Hawaii's approach to regulating short-term rentals (STRs) has escalated, with new legal frameworks and enforcement mechanisms potentially accelerating the removal of a significant portion of the existing STR stock. The exact mechanisms and timelines are still being clarified at the county level, but the stated intention is to curb the proliferation of STRs operating outside of specific zoning districts, particularly those not classified as part of a "resort zone" or operating without valid non-conforming use certificates. Enforcement is expected to become more stringent across all islands, pushing operators to comply with stricter zoning or cease operations.

Who's Affected

Tourism Operators Businesses in the tourism sector, including hotels, tour operators, and even existing vacation rental management companies, are likely to experience the most immediate effects. A reduction in available STR units could lead to increased demand and potentially higher pricing for traditional hotel rooms and other forms of accommodation. This shift may also impact the overall capacity for visitor arrivals if lodging scarcity becomes a significant bottleneck.

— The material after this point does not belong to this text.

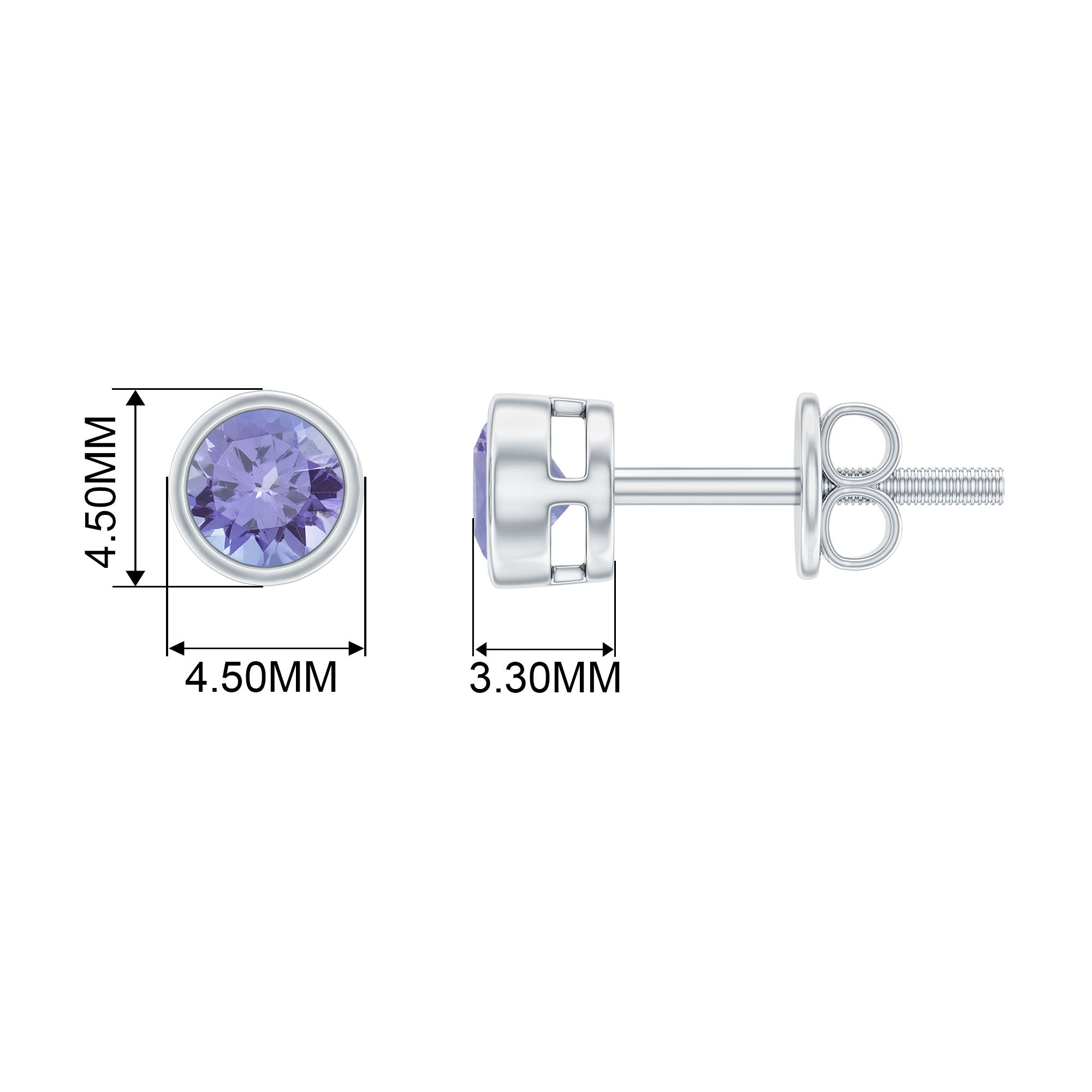 3/4 CT Blue Tanzanite Solitaire Gold Stud Earrings in Bezel Setting

Real Estate Owners Property owners with units currently operating as short-term rentals face heightened uncertainty. Depending on the island and specific county ordinances, they may need to secure new permits, operate only within designated resort areas, or convert their properties to long-term rentals. This could significantly impact the revenue streams for owners who have relied on the higher margins of STRs. Developers and landlords should also consider the implications for future multi-unit residential projects and the long-term rental market.

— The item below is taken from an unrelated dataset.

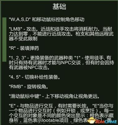 1:角色的生命和耐力,耐力用来跑步和挥动武器。

Investors For investors, the potential reduction in STR inventory represents a significant market shift. Properties that can legally continue to operate as STRs in resort zones may see increased value and rental rates. Conversely, investors might find opportunities in traditional hotel acquisitions or development, or in the burgeoning long-term rental market as former STRs convert. The regulatory landscape adds a layer of risk that must be factored into investment decisions.

Second-Order Effects

The potential removal of up to 10,000 vacation rentals from the market is not an isolated event. This reduction in lodging supply could exert upward pressure on prices for remaining STRs and traditional hotels. Increased accommodation costs for tourists may, in turn, lead to a decrease in visitor spending on other goods and services, impacting local retail and dining establishments. Furthermore, if fewer visitors are able to secure lodging, overall tourism volume could decrease, potentially affecting employment in the hospitality sector and related industries. If properties are converted to long-term rentals, this could slightly ease housing affordability pressures, but the scale of such conversions remains uncertain.

What to Do

Given the ongoing nature of regulatory clarification and enforcement, the recommended action level is 'WATCH'. Stakeholders should:

For Tourism Operators:

  • Monitor announcements from county planning departments regarding STR ordinance enforcement dates and specific compliance requirements.
  • Assess current booking calendars and adjust availability/pricing strategies based on potential supply reductions.
  • Explore partnerships with traditional hotels or other lodging providers if STR inventory becomes severely constrained.

For Real Estate Owners with STRs:

  • Review the specific STR regulations for the island and county in which your property is located. Understand the zoning requirements and permit application processes.
  • Consult with legal counsel or a specialized STR consultant to determine compliance options or the feasibility of converting to long-term rentals.
  • Prepare for potential income disruption and budget for any necessary property modifications or permit fees.

For Investors:

  • Track official pronouncements from county governments and Hawaii Tourism Authority regarding STR compliance and enforcement outcomes.
  • Analyze shifts in lodging occupancy rates and average daily rates (ADRs) for both STRs and hotels.
  • Evaluate potential investment opportunities in traditional hospitality assets or in the long-term rental market as supply dynamics change.